Not even the White House is publicly advocating the third option, but recently the Treasury took exactly that approach, and sent $4.2 billion to families of illegal aliens, as CIS reported in blog at the time.1
Why and how this came to pass is an unusual story with a plethora of players — including two heroes — about how our government works and how faceless, midlevel decision-makers can, and do, shape our basic policies. And how the courts are, in effect, powerless to do anything about it.
This particular paying-the-illegals-to-stay pattern revolves around the Additional Child Tax Credit (ACTC), which is not so much a tax credit as it is an income-transfer program for low-income families, offering up to $1,000 per child to all resident families, including those of illegal aliens.
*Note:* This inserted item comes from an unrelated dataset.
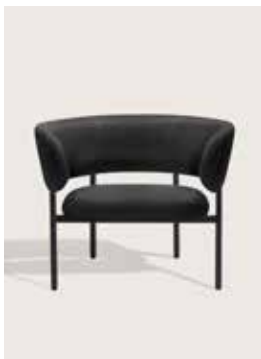
Upholstery: Sørensen Dunes anthrazite Piping: Sørensen Dunes anthrazite Frame: Polished steel, white or black

The Treasury Department's Inspector General for Tax Administration estimated that $4.2 billion had been sent in ACTC checks to families of illegal aliens in a single tax season.
The story of this scandal involves these ingredients:
• A fuzzy-minded Congress;
• An almost casual policy decision by IRS to make these payments to illegals;
• A still lower-level decision by IRS that made it easy for applicants to submit phony documents to support applications for ACTCs;
• Other practices by IRS making it easy for illegals to get big refunds in this program;
• A remarkable journalistic intervention in Indianapolis that broke the story;
• A highly useful set of reports by a Treasury Department inspector general; and
• A half-hearted, needlessly narrow effort by IRS to clean up at least part of its act.
This is one of those perfect-storm situations, in which a whole series of factors come together to cause the problem, in this case shelling out billions to help illegal aliens stay in the United States.